_Task_. Take the lines from the one containing "temperaturze powietrza, trzymając" through the end of the material and write them out exactly, omitting pictures.

___ Records for this task ___

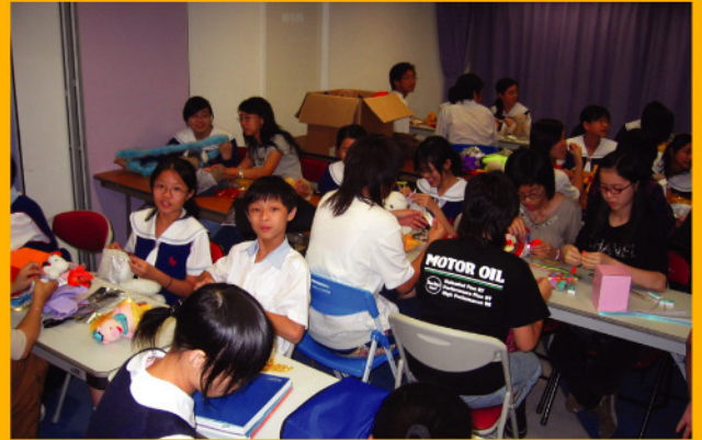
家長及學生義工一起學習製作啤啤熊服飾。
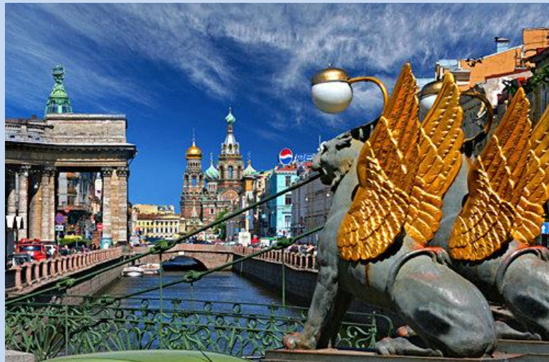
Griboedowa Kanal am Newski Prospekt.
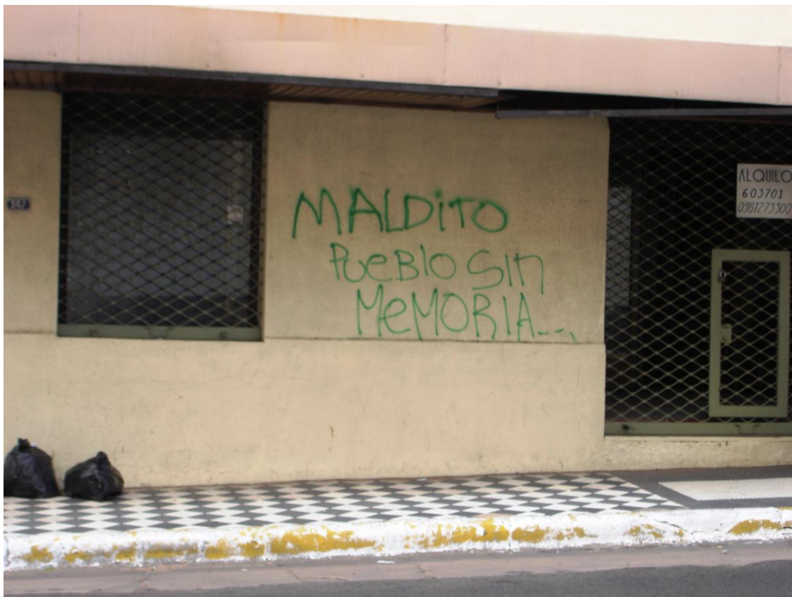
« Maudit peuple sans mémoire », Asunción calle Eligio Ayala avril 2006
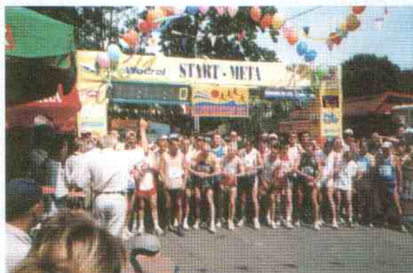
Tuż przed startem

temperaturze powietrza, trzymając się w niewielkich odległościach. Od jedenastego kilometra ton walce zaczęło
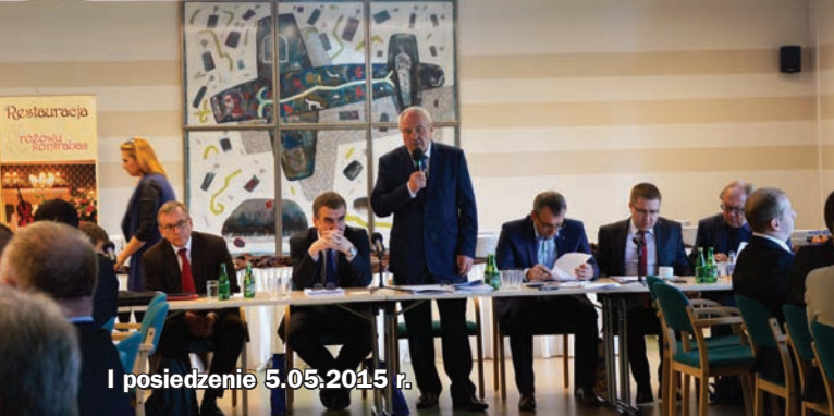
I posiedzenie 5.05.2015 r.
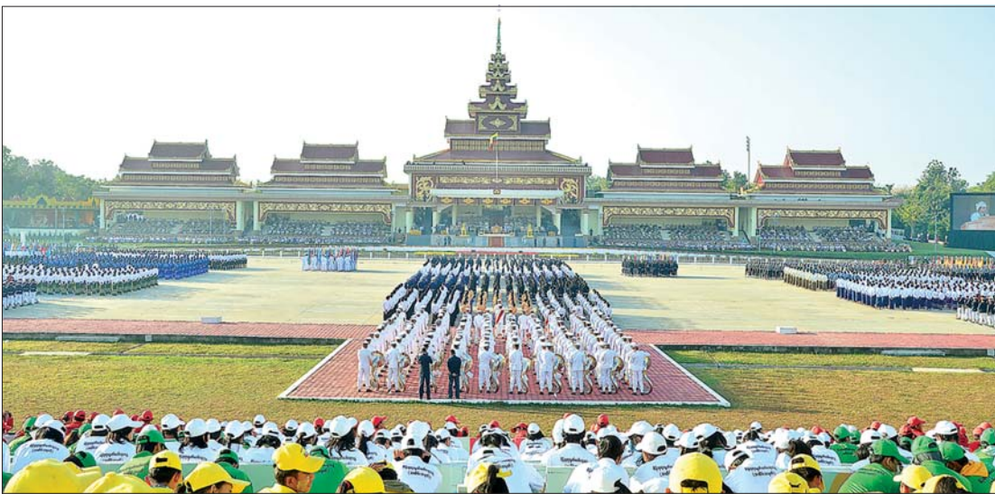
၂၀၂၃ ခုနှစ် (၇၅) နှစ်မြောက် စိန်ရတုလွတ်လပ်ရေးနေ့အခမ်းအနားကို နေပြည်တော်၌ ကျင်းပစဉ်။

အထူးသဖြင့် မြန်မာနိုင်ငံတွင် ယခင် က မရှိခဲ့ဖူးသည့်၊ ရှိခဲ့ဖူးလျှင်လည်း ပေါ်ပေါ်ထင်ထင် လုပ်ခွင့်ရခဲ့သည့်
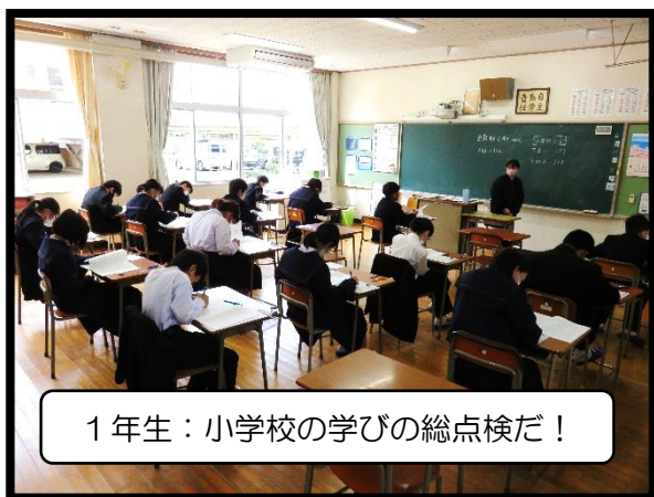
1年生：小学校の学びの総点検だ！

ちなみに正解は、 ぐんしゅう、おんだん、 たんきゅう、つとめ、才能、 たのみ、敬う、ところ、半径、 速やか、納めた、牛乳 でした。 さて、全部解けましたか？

___

_Written response_.
temperaturze powietrza, trzymając się w niewielkich odległościach. Od jedenastego kilometra ton walce zaczęło
I posiedzenie 5.05.2015 r.
၂၀၂၃ ခုနှစ် (၇၅) နှစ်မြောက် စိန်ရတုလွတ်လပ်ရေးနေ့အခမ်းအနားကို နေပြည်တော်၌ ကျင်းပစဉ်။

အထူးသဖြင့် မြန်မာနိုင်ငံတွင် ယခင် က မရှိခဲ့ဖူးသည့်၊ ရှိခဲ့ဖူးလျှင်လည်း ပေါ်ပေါ်ထင်ထင် လုပ်ခွင့်ရခဲ့သည့်
1年生：小学校の学びの総点検だ！

ちなみに正解は、 ぐんしゅう、おんだん、 たんきゅう、つとめ、才能、 たのみ、敬う、ところ、半径、 速やか、納めた、牛乳 でした。 さて、全部解けましたか？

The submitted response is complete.